Micah 2:11 | |
11. If a man walking in the spirit and falsehood do lie, saying, I will prophesy unto thee of wine and of strong drink; he shall even be the prophet of this people. | 11. Si vir ambulans in spiritu et fallaciter mantiens, stillem tibi pro vino et pro sicera, tunc erit stillans populi hujus (hoc est, hic demum erit Propheta populi hujus: sicut etiam priore membro proprie vertendum est, si prophetem.) |
The Prophet points out here another vice by which the people were infected -- that they wished to be soothed with flatteries: for all the ungodly think that they are in a manner exempt from God's judgment, when they hear no reproof; yea they think themselves happy, when they get flatterers, who are indulgent to their vices. This is now the disease which the Prophet discovers as prevailing among the people. Jerome sought out a meaning quite different here, as in the former verses; but I will not stop to refute him, for it is enough to give the real meaning of the Prophet. But as before he rendered women, princes, and thus perverted entirely the meaning, so he says here, I would I were a vain Prophet, that is, walking in vanity, and mendacious; as though Micah said "I wish I were false in denouncing on you the calamities of which I speak; for I would rather announce to you something joyful and favorable: but I cannot do this, for the Lord commands what is different." But there is nothing of this kind in the words of the Prophet. Let us then return to the text.

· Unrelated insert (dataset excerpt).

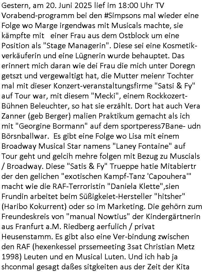 Gestern, am 20. Juni 2025 lief im 18:00 Uhr TV Vorabend-programm bei den #Simpsons mal wieder eine Folge wo Marge irgendwas mit Musicals machte, sie kämpfte mit einer Frau aus dem Ostblock um eine Position als "Stage Managerin". Diese sei eine Kosmetik-verkäuferin und eine Lügnerin wurde behauptet. Das erinnert mich daran wie dei Frau die mich unter Doregn getszt und vergewaltigt hat, die Mutter meienr Tochter mal mit dieser Konzert-veranstaltungsfirme "Satsi & Fy" auf Tour war, mit diesem "Mecki", einem Rockkozert-Bühnen Beleuchter, so hat sie erzählt. Dort hat auch Vera Zanner (geb Berger) malien Praktikum gemacht als ich mit "Georgine Bormann" auf dem sportperess7Bane- udn Börsnballwar. Es gibt eine Folge wo Lisa mit einem Broadway Musical Star namens "Laney Fontaine" auf Tour geht und gelcih mehre folgen mit Bezug zu Muscials / Broadway. Diese "Satis & Fy" Trueppe hatie Mitabiertr der den gelichen "exotischen Kampf-Tanz 'Capouhera'" macht wie die RAF-Terroristin "Daniela Klette",sien Frundin arbeitet beim Süßigkeiet-Hersteller "hitsher" (Haribo Kokurrent) oder so im Marketing. Die gehörn zum Freundeskreis von "manual Nowtius" der Kindergärtnerin aus Franfurt a.M. Riedberg aerfulich / privat Heusenstamm. Es gibt also eine Ver-bindung zwischen den RAF (hexenkessel prssemeeting 3sat Christian Metz 1998) Leuten und en Musical Luten. Und ich hab ja shconmal gesagt daßes sitgkeiten aus der Zeit der Kita

In short, Micah intimates that the Israelites rejected all sound doctrine, for they sought nothing but flatteries, and wished to be cherished in their vices; yea, they desired to be deceived by false adulation to their own ruin. It hence appears that they were not the people they wished to be deemed, that is, the people of God: for the first condition in God's covenant was, -- that he should rule among his people. Inasmuch then as these men would not endure to be governed by Divine power, and wished to have full and unbridled liberty, it was the same as though they had banished God far from them. Hence, by this proof, the Prophet shows that they had wholly departed from God, and had no intercourse with him. If there be then any man walking in the spirit, let him, he says, keep far from the truth; for he will not otherwise be borne by this people. -- How so? Because they will not have honest and faithful teachers. What is then to be done? Let flatterers come, and promise them plenty of wine and strong drink, and they will be their best teachers, and be received with great applause: in short, the suitable teachers of that people were the ungodly; the people could no longer bear the true Prophets; their desire was to have flatterers who were indulgent to all their corruptions.
1 Perhaps a more literal rendering would be thus,--
If a man, the follower of the spirit and of deception,
Speaks falsely, "I will prophesy to thee of wine and of strong drink,"
He then becomes the prophet of this people.
To walk after, or to follow, "the wind," as some render
If a man, walking in the spirit of falsehood and lies,
Prophesy unto thee for wine and for strong drink,
He shall be the prophet of this people.
He puts "for wine," etc., and not "of wine:" but the latter rendering is much more suitable to the context. -- Ed.